A re sume of some of the facts is as follows: at about 2 a.m. March 14, 1968, Officers Thorne and Nishimura drove into a parking lot at 2024 North Ivar in the Hollywood district of Los Angeles. The parking lot was in the rear of a condemned building which on occasion was occupied by ‘hippies' for sleeping. The headlights of the police car shone upon Peloquin and Davis who were standing at the rear of the lot between two cars. They were standing facing each other about three feet apart. When the officers were about 20 feet from defendants, Peloquin handed an object to Davis. Davis had something white in his hand. The policemen then identified themselves as officers. Davis turned away and started to walk around the front of one of the parked cars. He was told to stop but he continued to walk to the opposite side of the parked car. Thorne noticed that Davis dropped something from his hand. Thorne retrieved a plunger from an eyedropper and a bottle cap, each of such items being equipment used in the injection of heroin. Thorne retraced the steps of Davis around the parked car and discovered two white paper bindles in the ivy (it was stipulated that the bindles contained heroin). The white paper containers were dry although the ivy and the ground cover in the area were wet from a previous rain. Davis appeared to be under the influence of drugs—his eyes were pinpointed, his gait staggered, his speech slurred and his coordination very poor. There was a fresh needle mark near Davis' elbow.

Appellant contends that the evidence was insufficient to support the conviction. There is no merit to the contention.

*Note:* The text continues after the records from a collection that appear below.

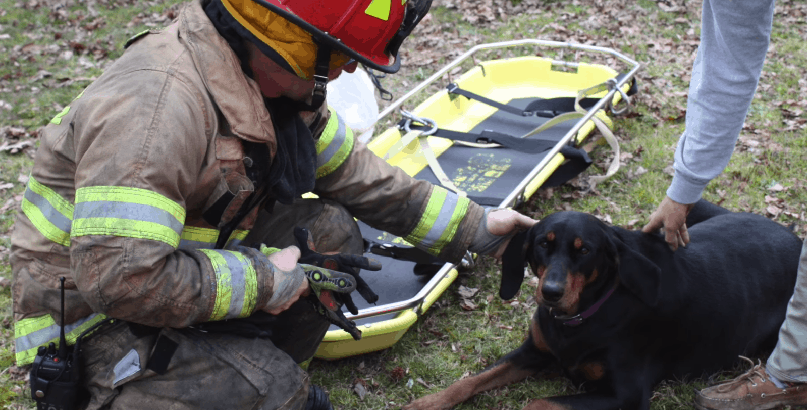 A Virginia firefighter rescues a dog from a house fire, but a neighbor says that there’s another dog in the house. The firefighter goes back inside and looks behind the couch. That’s when he sees the unconscious dog.
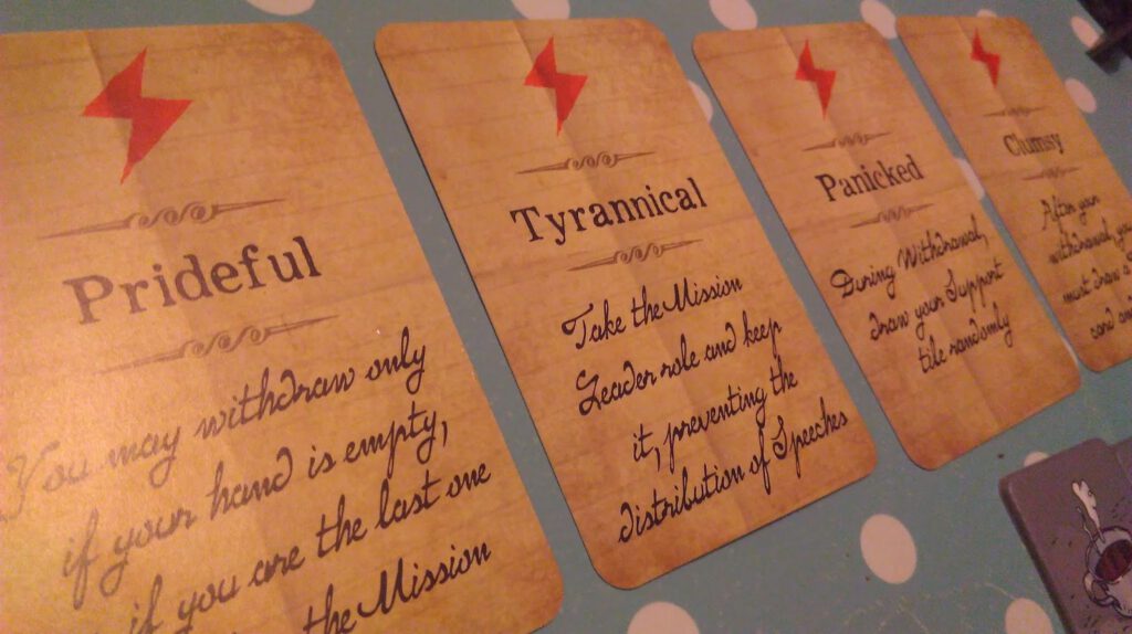 If however all players have passed, the mission is considered a success. Any leftover cards still mean cards moving over from the morale deck, but at least there shouldn’t be too many of them. The mission leader changes and the new mission leader chooses how many cards to deal to everyone; 1, 2 or 3. More is better for getting through the trials deck, but less is better for getting through the mission and minimising the effect on morale!
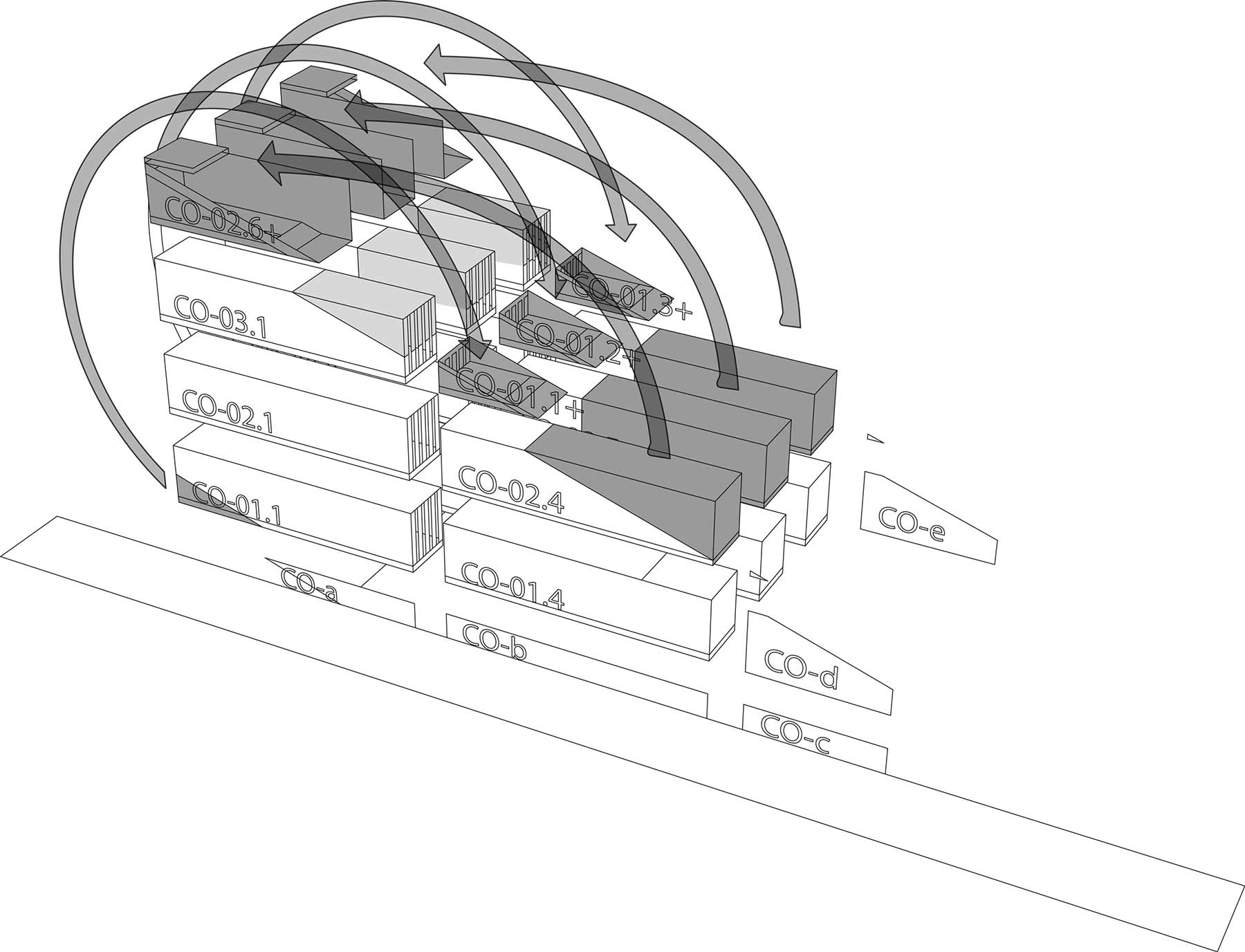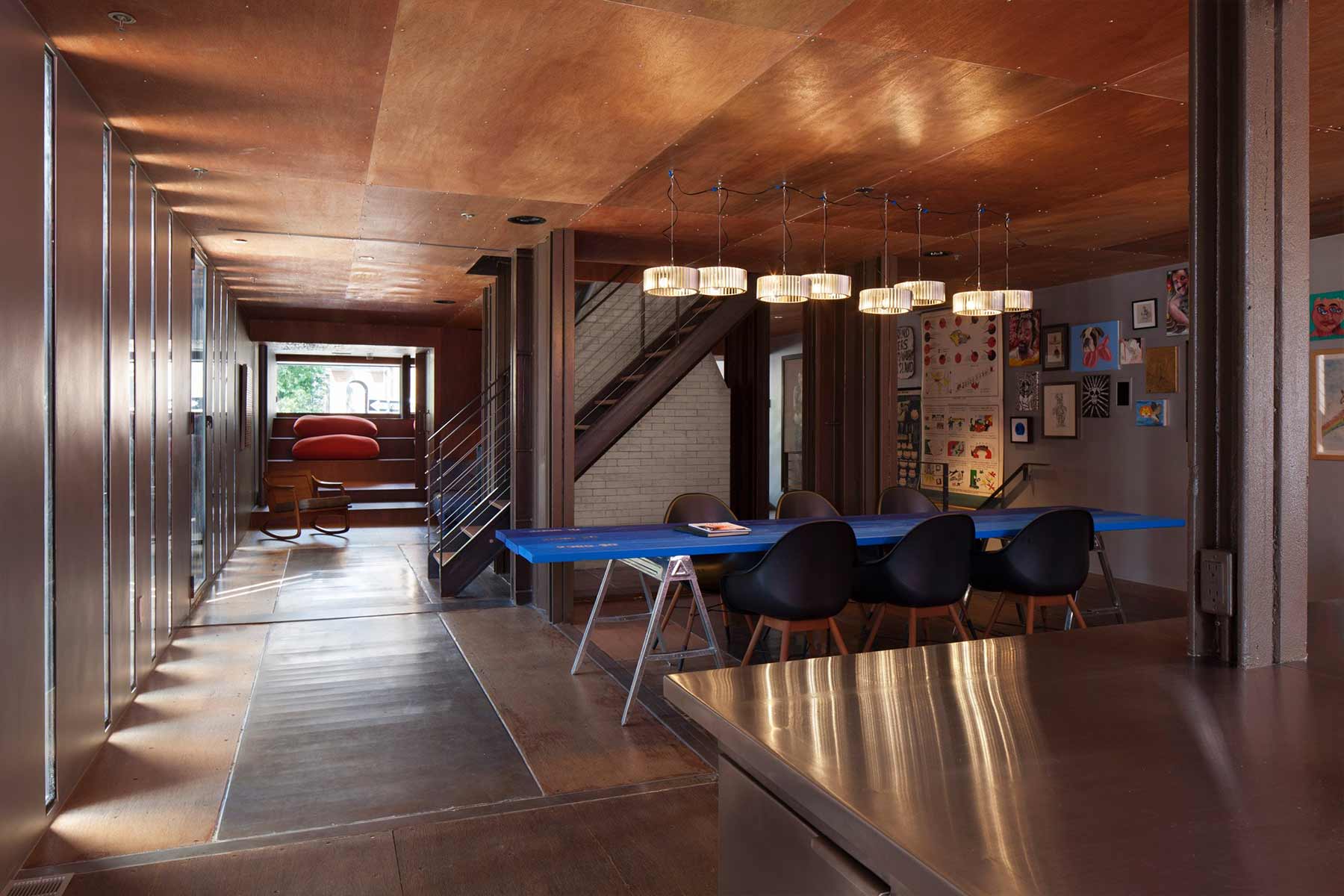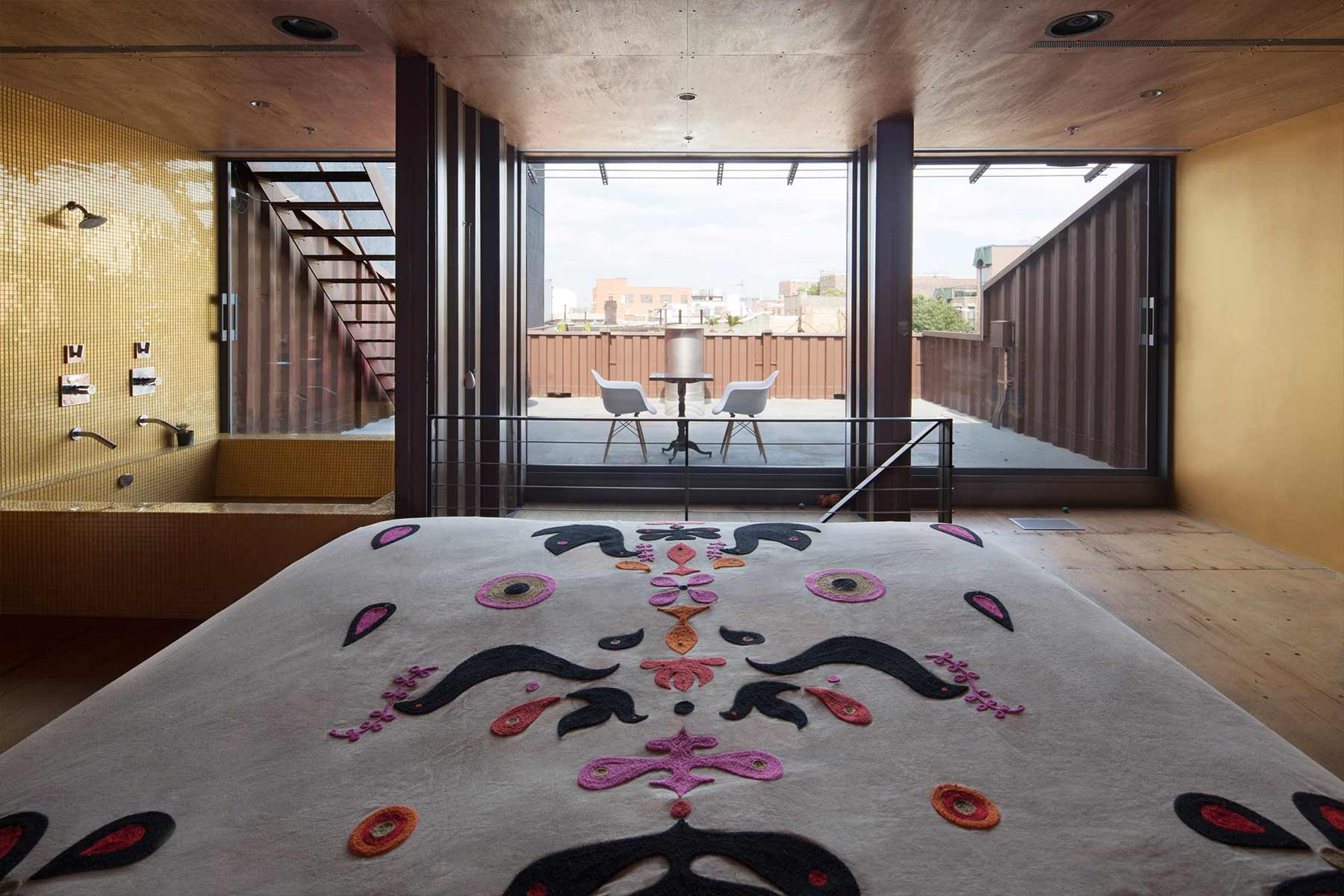 „Transforming the containers’ assembly into a single-family residence, the diagonal cut generates a very enclosed and private monolith from the surrounding streets. The diagonal also modifies the conventional ground-floor rear yard type and use, allocating private outdoor space at each level of the house. Large glass doors allow access to each deck, offering light and cross ventilation at all levels. A steel stair along the north wall connects all outdoor spaces.“
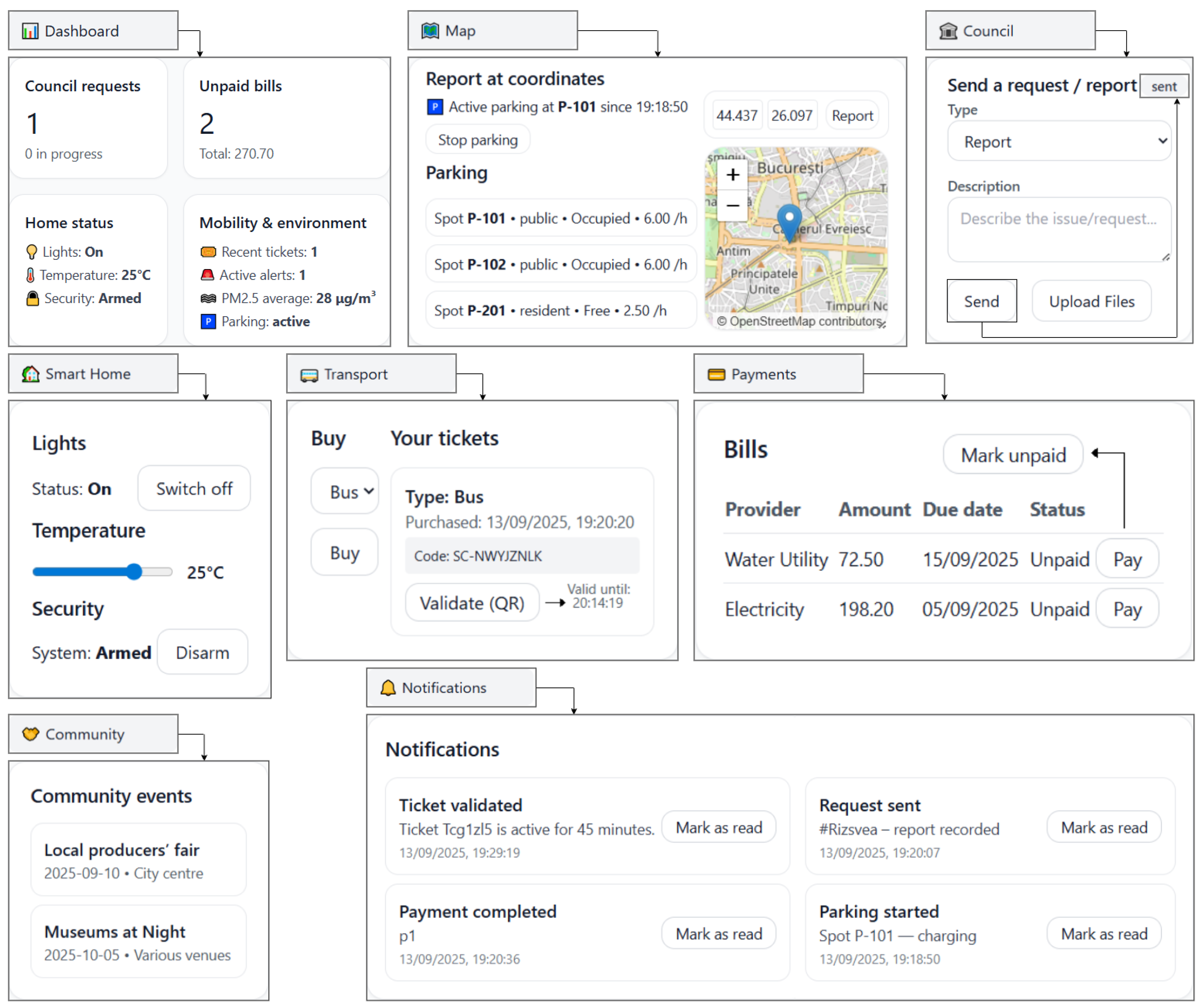 | [47] | Romanian Municipalities and the Smart city Framework | Electronic government (e-government), mobile (Tranzy), smart street, public Wireless Fidelity (Wi-Fi), waste sensors, open data. | Comparative analysis of the most notable projects implemented in Cluj-Napoca, Iași, and Alba Iulia, across six components: governance, quality of life, citizen, environment, infrastructure/mobility, and economy. Includes site visits and municipal sources. | Ranking of projects in 2023: Cluj-Napoca 63, Iași 56, Alba Iulia 49. Covers implementations in the areas of transport, e-services, and environment. | Smart initiatives are still in early stages. Public information is limited. Some projects are delayed or unfinished. |
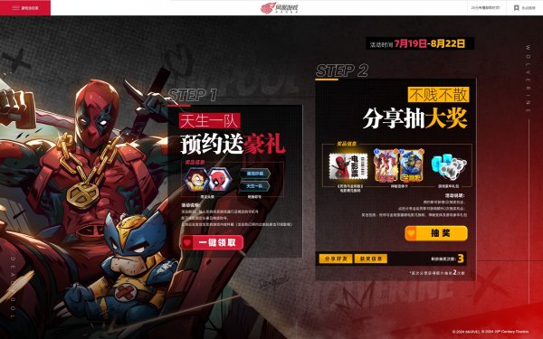 除此之外,玩家在活动期间预约《漫威终极逆转》即可获得一次抽奖机会,点击分享官网活动页可获得额外两次抽奖机会。奖池囊括了《死侍与金刚狼》电影兑换码,英雄神秘变体及保底必得的游戏资源礼包。
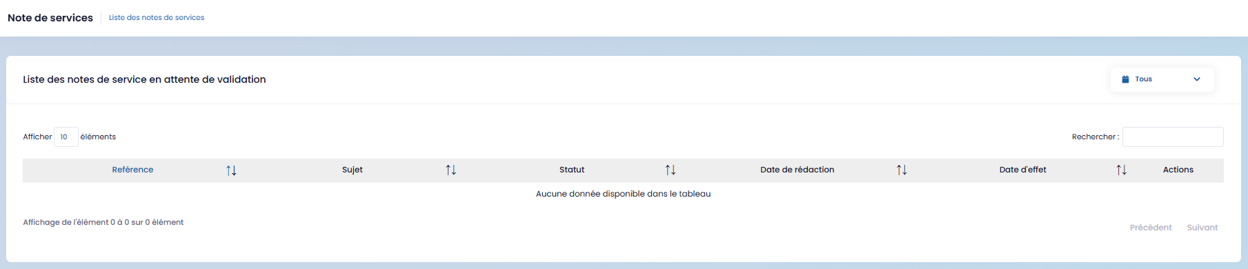 Cette section affiche la liste des notes de service en attente de validation. Vous pouvez les filtrer par période ( aujourd’hui, ce mois,le mois dernier )
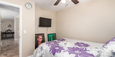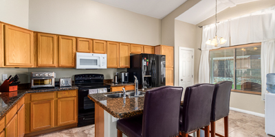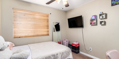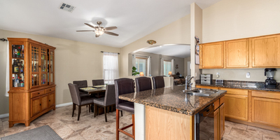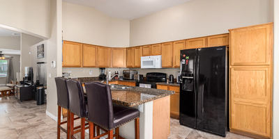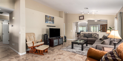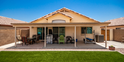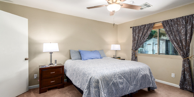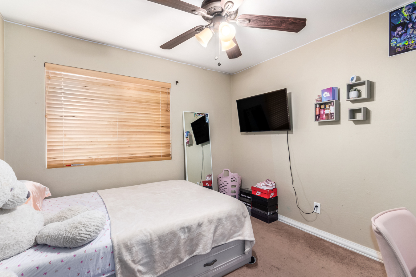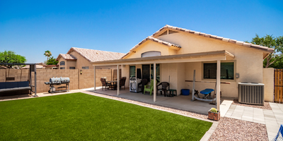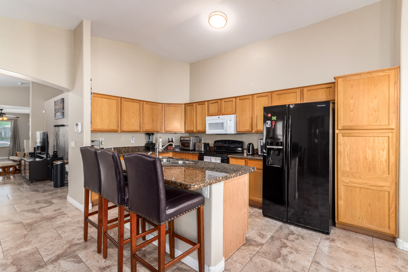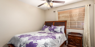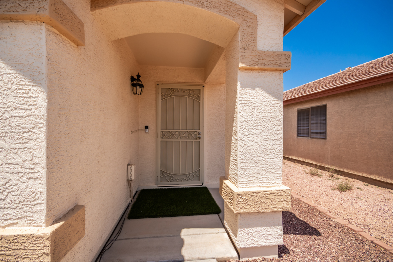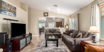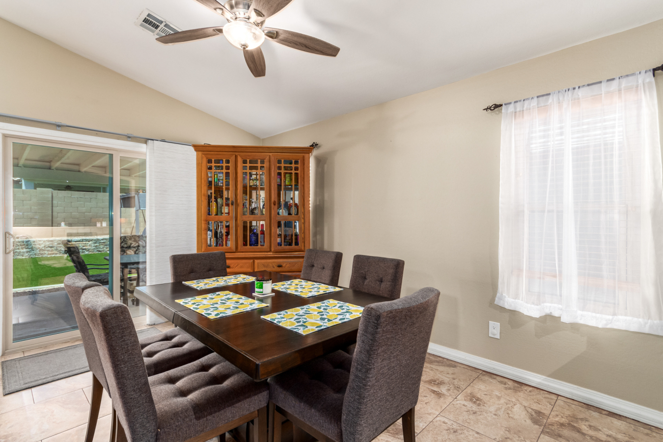Welcome to this charming single-level home in the desirable Ashton Ranch! Featuring 3 beds, 2 baths, a 2-car garage, & an easy-care landscape. Come inside to find a large living room and an inviting family room that opens to the kitchen! Vaulted ceilings add to the airy feel, complemented by neutral paint and tile flooring w/soft carpet in bedrooms. The kitchen features built-in appliances, granite counters, a pantry, ample wood cabinetry, and an island w/breakfast bar. The den is a versatile space, ideal for an office or reading nook. Primary bedroom boasts a walk-in closet and a full bathroom for added comfort. Discover the perfectly sized backyard, excellent for relaxing or enjoying BBQ! A covered patio, storage shed, & artificial turf complete the picture. 3 community pools to enjoy.-

Under section 1237, subd. 1 of the Penal Code as it now exists (effective November 13, 1968) a commitment is deemed a final judgment. The commitment in this case was made on August 1, 1968, and at that time the appeal, if any, was from the order denying a motion for a new trial. We dismiss the attempted appeal from the nonexistent judgment.

The totality of the circumstances in this case were sufficiently enlightening to have enabled the judge reasonably to conclude that appellant was in joint possession of the heroin found by the officer.

It is not necessary that an accused be shown to have had exclusive possession of the contraband narcotics. In other words, two or more persons may be so closely associated in the handling of a narcotic that their possession of it may be deemed joint. (See People v. Rodriguez, 181 Cal.App.2d 34, 37, 4 Cal.Rptr. 877.) If the accused exercised dominion and control over the drug with knowledge both of its presence and of its narcotic character enough is established to constitute unlawful possession. These elements may be established by circumstantial evidence and inferences drawn therefrom. (See People v. Roberts, 228 Cal.App.2d 722, 726, 39 Cal.Rptr. 843.) In the case under consideration the meeting occurred at 2 a.m. in a deserted parking lot, appellant passed an object to Davis, Davis was then seen to be holding something white in his hand; Davis, upon seeing the officers, furtively moved around one of the parked cars and was seen to drop something. In that immediate area the officers then found two bindles of heroin, a plunger from an eyedropper and a bottle cap—and Davis who was under the influence of narcotics, had a fresh needle mark in his arm. Perhaps taken alone, none of the circumstances was in itself sufficient to support the conviction, but taken together they were. (See People v. Roberts, supra, at 728, 39 Cal.Rptr. 843.)

The order denying the motion for a new trial is affirmed.

The attempted appeal from the nonexistent judgment of conviction is dismissed.

FOURT, Associate Justice.

WOOD, P. J., and LILLIE, J., concur.